Requirement.
Set down, word for word, only the lines from the start of the records through the line bearing "成像面积约200平,外墙亮化采用2台15000流明投影机呈现。"; include no pictures.

Information supplied.

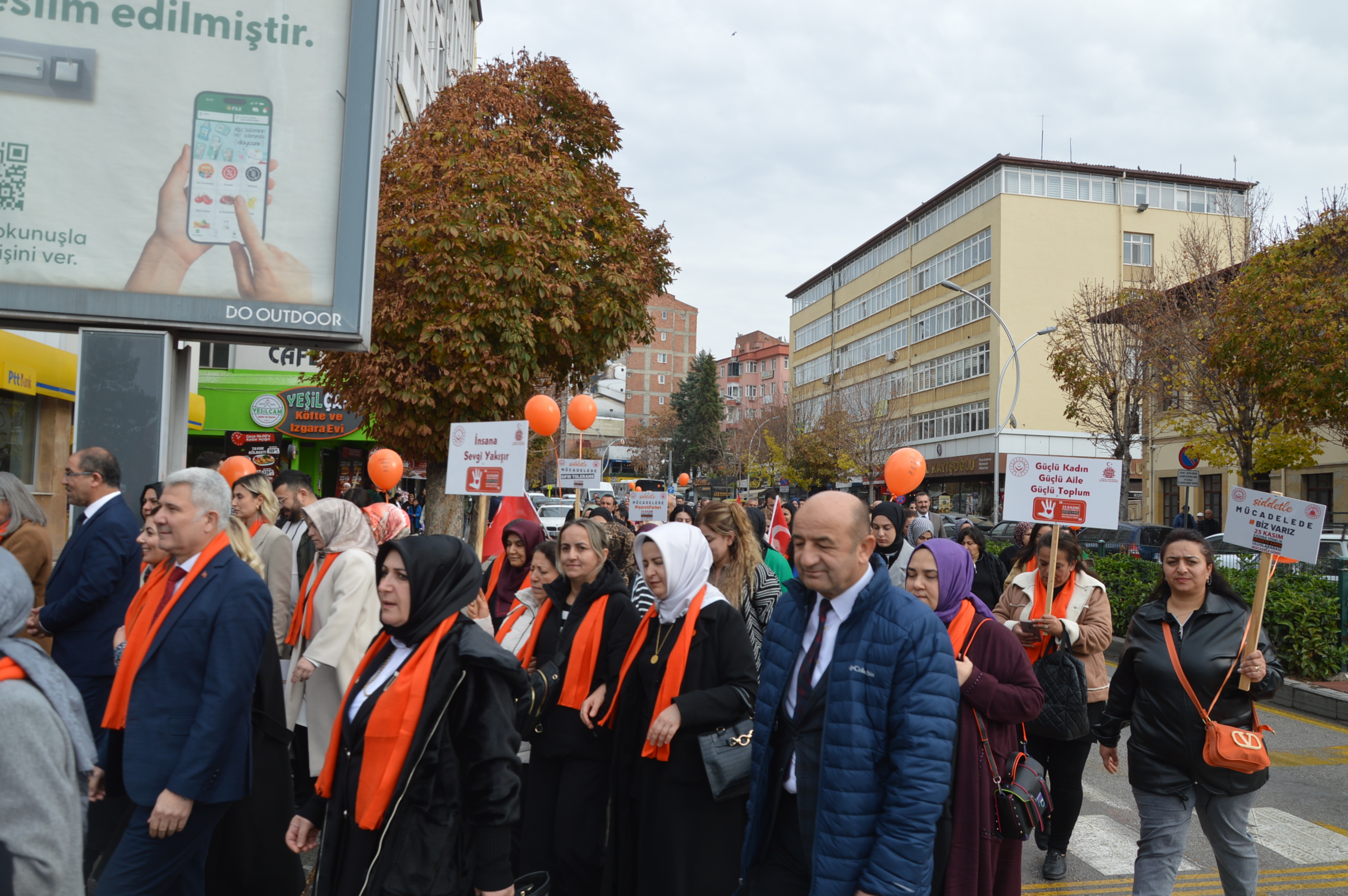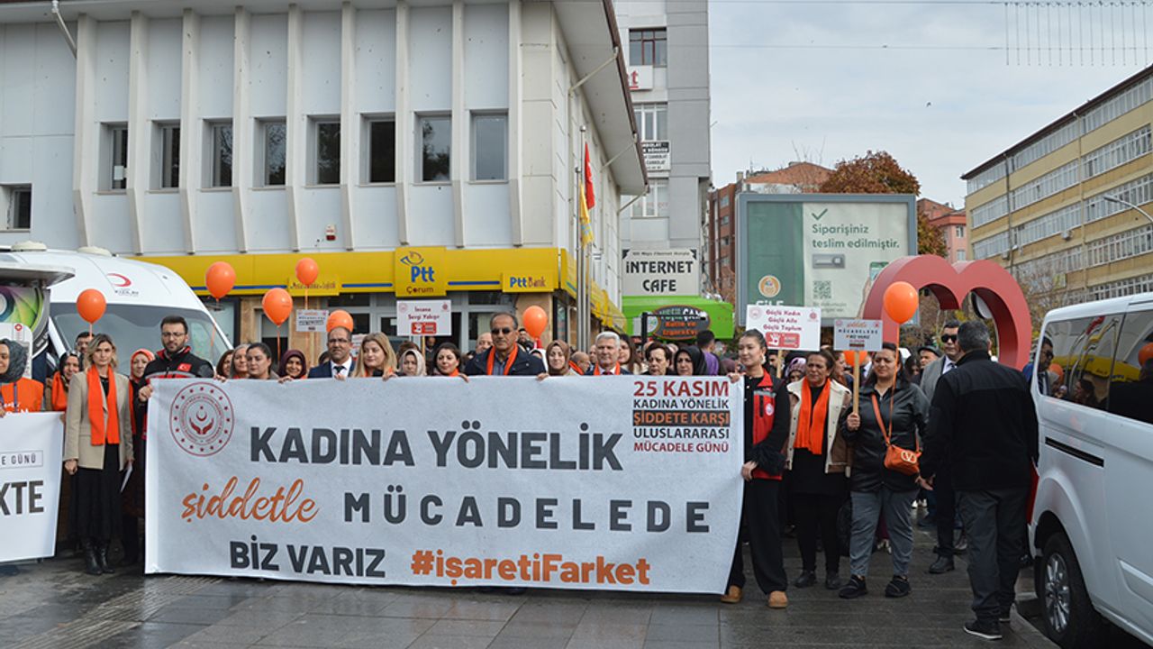 Aile ve Sosyal Hizmetler İl Müdürlüğünce gerçekleştirilen etkinlikte, kadına yönelik şiddetin önlenmesine yönelik ilgili kurumların desteği ile toplumun tüm kesimlerinin duyarlı olması için yürüyüş yapıldı.
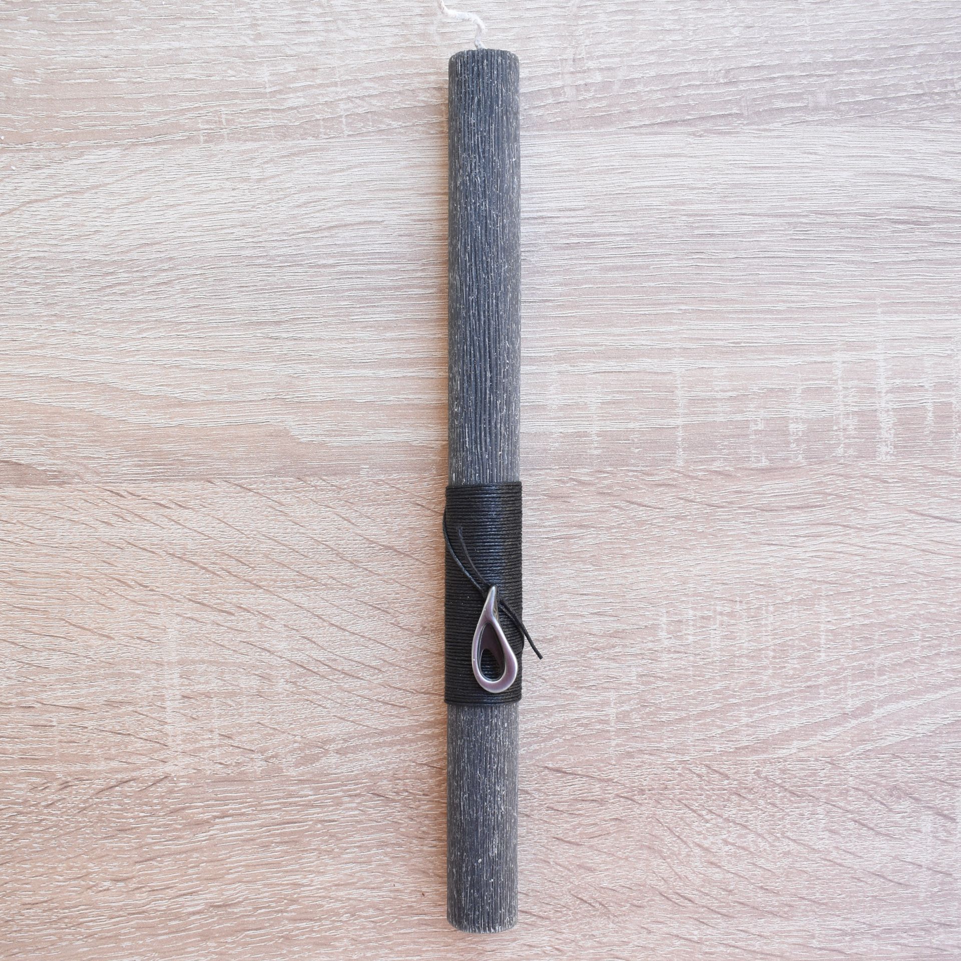 Πασχαλινή λαμπάδα μαύρη με μεταλλική σταγόνα, σχεδιασμένη για όσους επιλέγουν καθαρές γραμμές και διακριτικό συμβολισμό. Η μεταλλική σταγόνα λειτουργεί ως ήρεμο αλλά ουσιαστικό στοιχείο, προσθέτοντας βάθος στο σχέδιο χωρίς να το φορτώνει οπτικά.
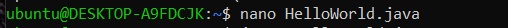 2. nano Helloworld.java (나노 들어가기) 다 작성하면 빠져나올때 Ctrl + X 저장하고 나가기
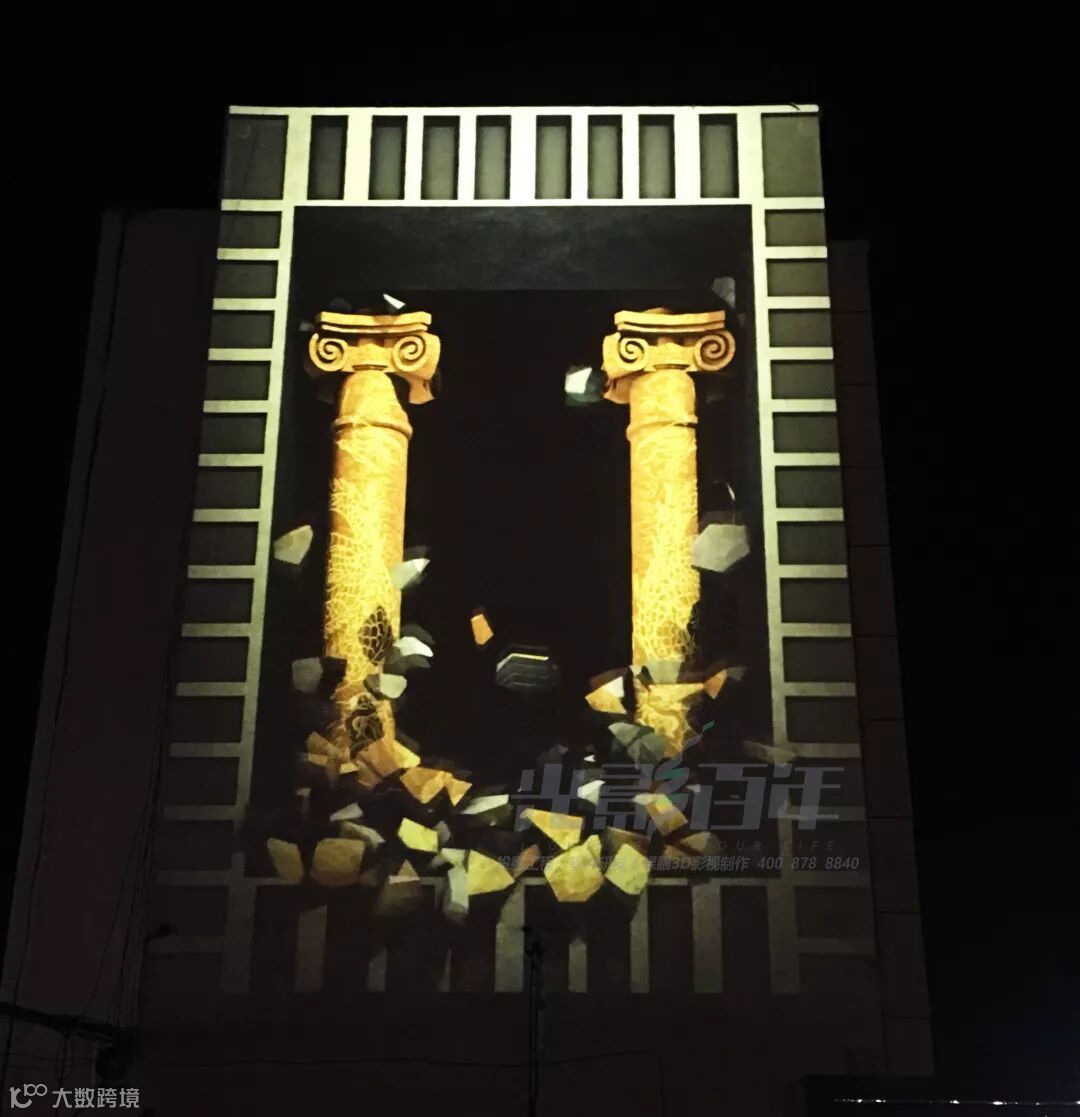 成像面积约200平,外墙亮化采用2台15000流明投影机呈现。
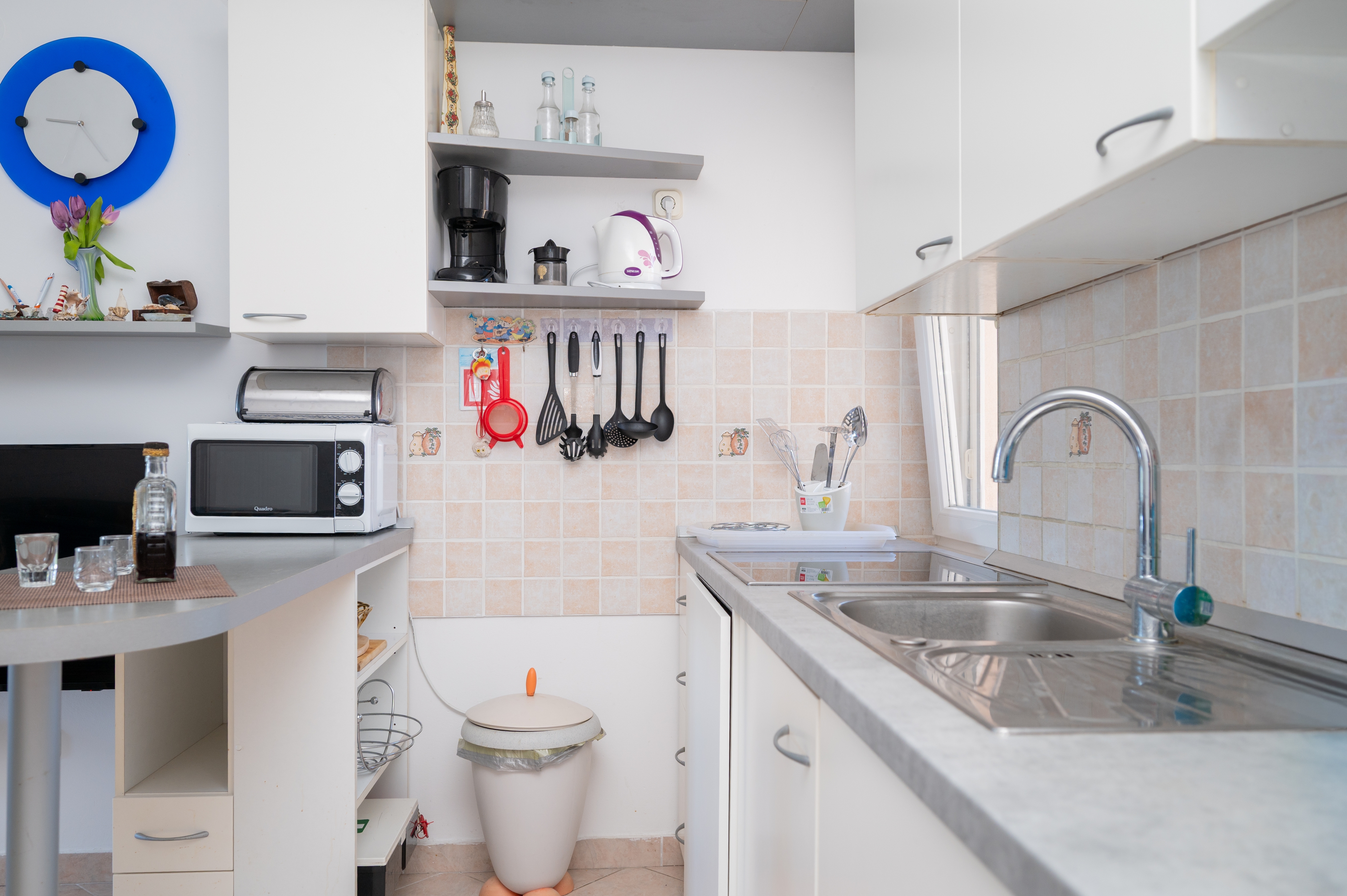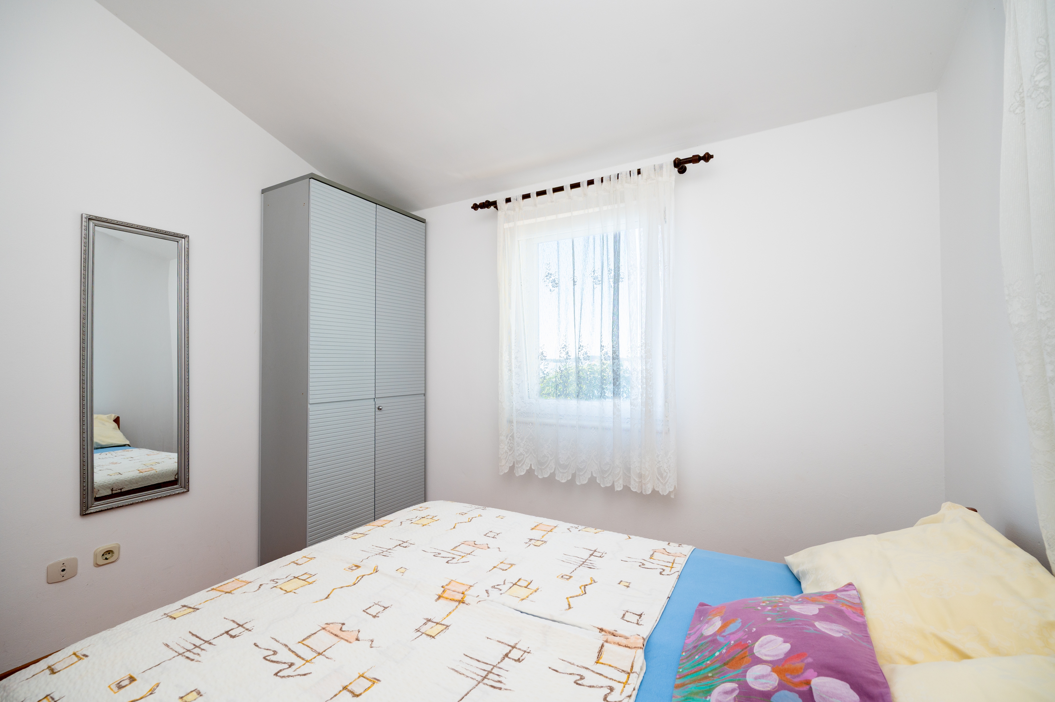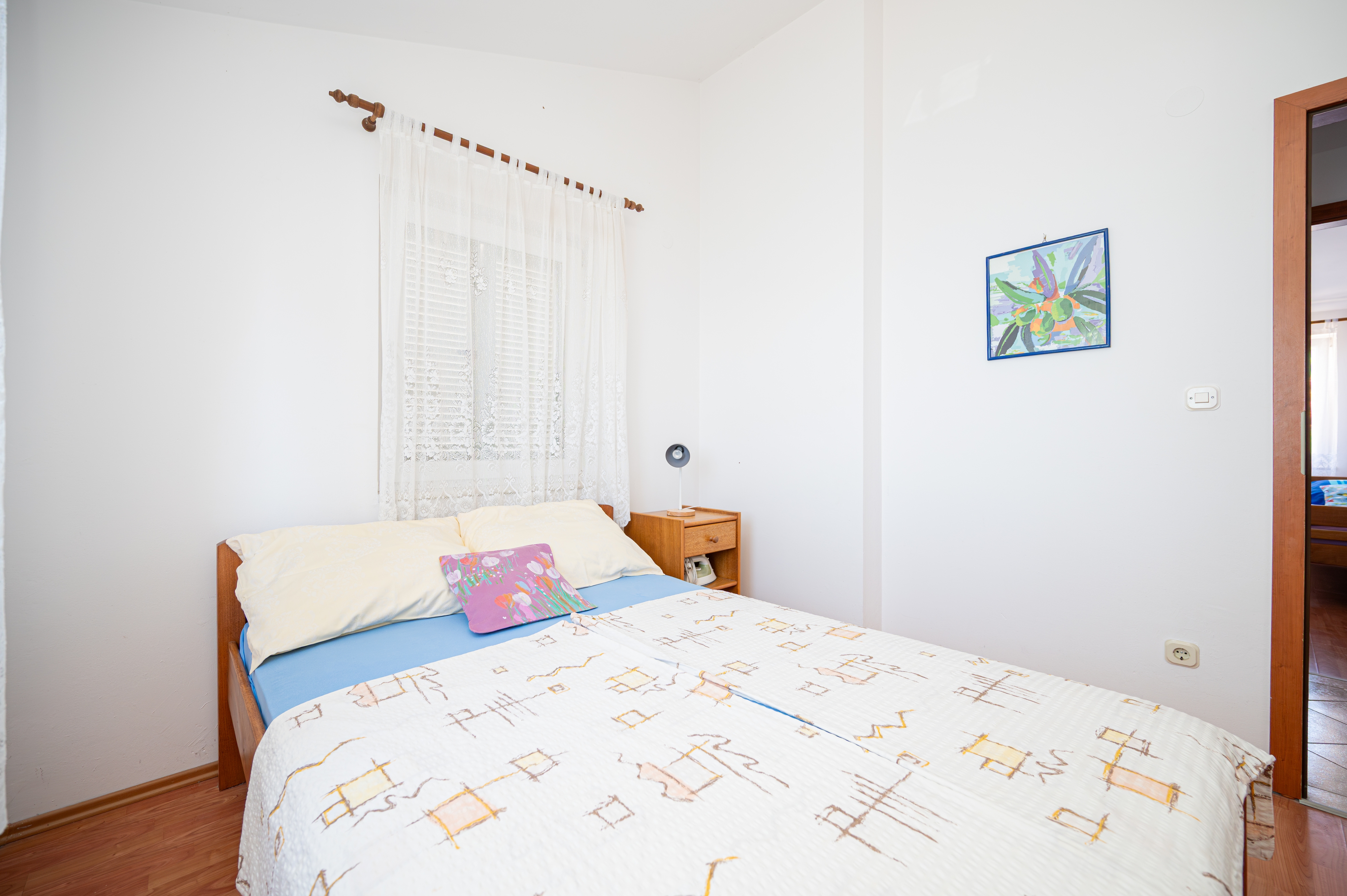 Apartment can accommodate 5 guests. Beds are situated in 2 sleeping rooms, but also in the living room, within 43m2. Guests can use a private terrace to enjoy the warm summer evenings. The apartment offers the sea view. Food can be prepared using barbecue which is shared with other guests too. INCLUDED IN THE PRICE: tourist tax, final cleaning, parking, internet, baby cot, iron, ironing board, hairdryer, sunshade, sunchairs. OPTIONAL ADDITIONAL COSTS: air-conditioning (€6.00 per night). The availability of additional services for your chosen dates of stay, as well as their prices (if none are listed) must be checked ahead of time. Any additional services not shown in the price calculation are payable directly to the property owner and only if used by the visitor.
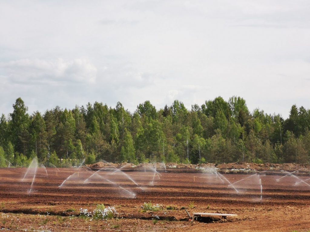 Būtisks piekšnosacījums veiksmīgai dzērveņu audzēšanai izstrādātos kūdras purvos ir efektīva laistīšanas sistēma. To izmanto arī SIA "Klasmann-Deilmann Latvia" Limbažu novadā.

Result below.
 Aile ve Sosyal Hizmetler İl Müdürlüğünce gerçekleştirilen etkinlikte, kadına yönelik şiddetin önlenmesine yönelik ilgili kurumların desteği ile toplumun tüm kesimlerinin duyarlı olması için yürüyüş yapıldı.
 Πασχαλινή λαμπάδα μαύρη με μεταλλική σταγόνα, σχεδιασμένη για όσους επιλέγουν καθαρές γραμμές και διακριτικό συμβολισμό. Η μεταλλική σταγόνα λειτουργεί ως ήρεμο αλλά ουσιαστικό στοιχείο, προσθέτοντας βάθος στο σχέδιο χωρίς να το φορτώνει οπτικά.
 2. nano Helloworld.java (나노 들어가기) 다 작성하면 빠져나올때 Ctrl + X 저장하고 나가기
 成像面积约200平,外墙亮化采用2台15000流明投影机呈现。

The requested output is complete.